None of this is tax advice and rules shift, so confirm your position with a local adviser before filing. Under MiCA plus DAC8, using a licensed exchange means your tax authority sees the same activity you do.

How to Buy Bitcoin on a MiCA Licensed Exchange

The cleanest path for a European user in 2026 is to fund EUR over SEPA Instant on a licensed platform, then buy BTC on the spot market. The sequence we use:

  1. Confirm the licence first. Check the entity in the ESMA register and that it holds the services you need. Five minutes here beats any review.
  2. Complete KYC. Use a passport or national ID, and match the name to your bank account exactly, since a mismatch is the usual reason a first SEPA transfer gets held.
  3. Fund EUR via SEPA Instant. It usually settles in seconds and is free on Kraken, Coinbase and OKX. Card funding works but carries a processor markup, so keep it for small amounts.
  4. Buy BTC on the spot market. Skip the one-click Buy screen and place a limit order on BTC/EUR, which typically saves 1% to 3% against Simple Buy spreads.
  5. Decide on custody. Active traders leave BTC on the exchange. Long-term holders move it to a hardware wallet, covered in our best crypto wallets guide.
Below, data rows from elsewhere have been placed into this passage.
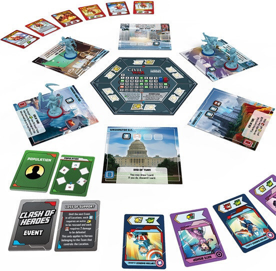 This expansion brings an entirely new way of playing Marvel United! The Civil War play modes make it a true Player vs Player game, in which two teams of Heroes clash against each other, with no Villain in sight. Featuring a roster of Heroes from both sides of the Registration conflict, this expansion brings two ways for players to fight each other: either the more casual Clash of Heroes, or the more competitive, asymmetrical, and thematic Registration Clash! Which team will you choose?
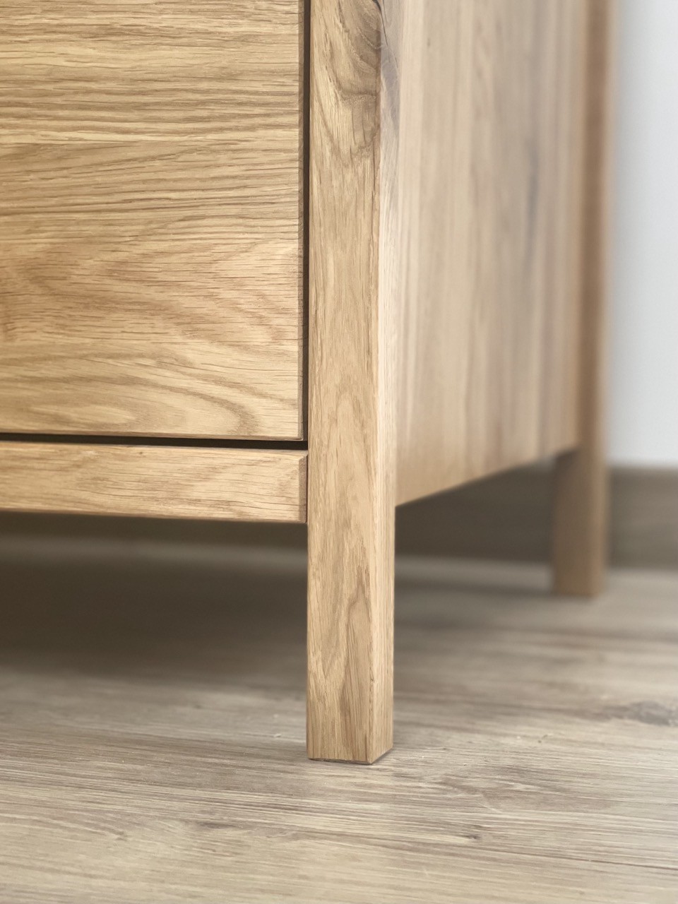 Naturalny rysunek drewna dębowego nadaje szafce ponadczasowy charakter, a lakierowana powierzchnia podkreśla jego kolor i chroni mebel podczas codziennego użytkowania. Czarne metalowe gałki stanowią elegancki kontrast i spójny detal całej kolekcji SCANDIC.
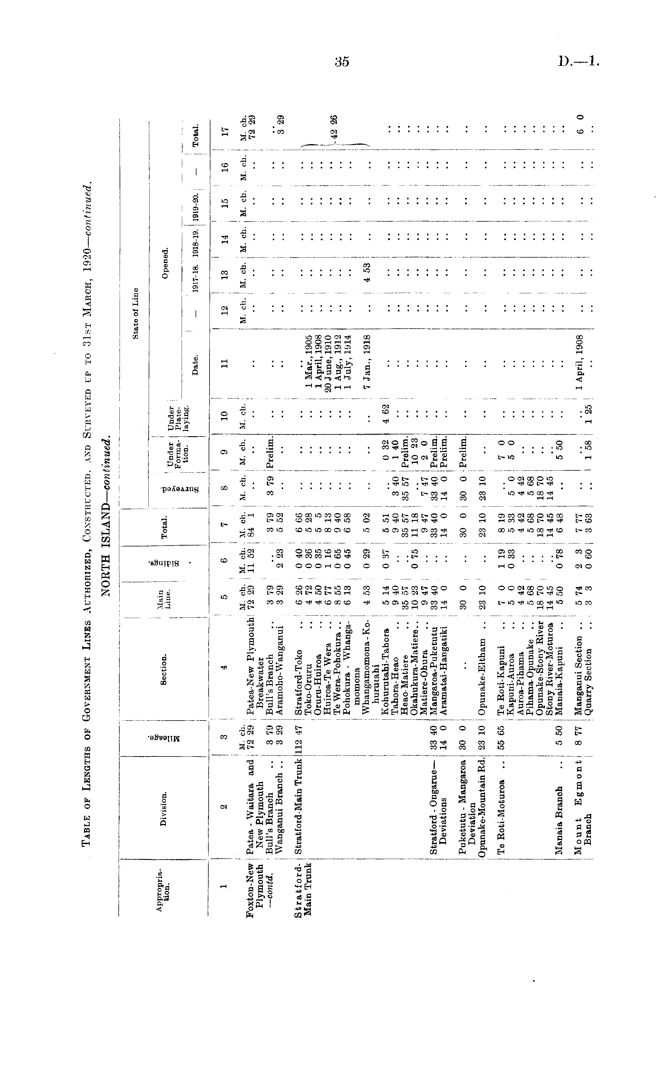 Table of Lengths of Government Lines Authorized, Constructed, and Surveyed up to 31st March, 1920— continued. NORTH ISLAND— continued.
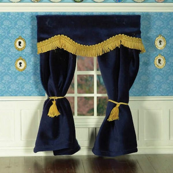 Mycket dekorativa gardiner i mörkblå sammet med gulddetaljer enligt bild, för 1 fönster. Mått ca L 17 cm x 14 cm.

This keeps costs low, your funding bank-clean, and your activity inside the regulated and reported perimeter from the first euro.

Final Thoughts

Choose by use case, but start from the licence. Kraken is the all-round pick, pairing the rarer trading-platform authorisation with a clean Irish regulator and the deepest euro liquidity.

From there it splits by need. Bybit EU for a large flat-fee spot catalogue, Coinbase for beginners, OKX for Web3 and DeFi, Bitpanda for multi-asset investing, and Gate for long-tail tokens inside the perimeter.

The real shift is that 1 July 2026 turns licensed into a hard yes or no, and several familiar names, Binance most of all, fall on the wrong side. Before depositing, check the entity in the ESMA register, confirm SEPA Instant works with your bank, and make sure your assets are still tradable. That tells you more than any star rating.

Our Methodology

We evaluated the exchanges holding full MiCA CASP authorisation that are broadly available to EU and EEA users by confirming each licence in the ESMA register, opening accounts, funding EUR over SEPA, executing trades and reviewing what the compliant front-end offers. Each platform scored across six criteria:

  1. Licence and Regulator: The exact authorised entity, the national authority that issued it, which of the ten services it covers, and any public supervisory concerns attached to that regulator.
  2. Trust Score: Our rating out of 5, weighting regulatory standing, proof-of-reserves transparency, security history and longevity. Trading-platform authorisation and a clean-record regulator scored highest.
  3. EUR Funding: SEPA and SEPA Instant settlement speed, card support and fees, including how quickly a first deposit cleared and whether the bank flagged it.
  4. Fees and Liquidity: Maker and taker fees, EUR-pair spreads, and the all-in cost of a euro-to-BTC-to-euro round trip, with real orders on BTC/EUR and ETH/EUR.
  5. Asset Availability: What stayed tradable after the USDT, privacy-coin and cooling-off changes, since a licence often means a narrower catalogue.
  6. Product and Custody: Web3 access, derivatives availability under the EU entity, and self-custody integration.

We excluded firms relying only on lapsed grandfathering, entities not yet in the ESMA register, and non-EU subsidiaries serving EU users without a passported licence. Testing ran from April to June 2026, ahead of the 1 July 2026 deadline.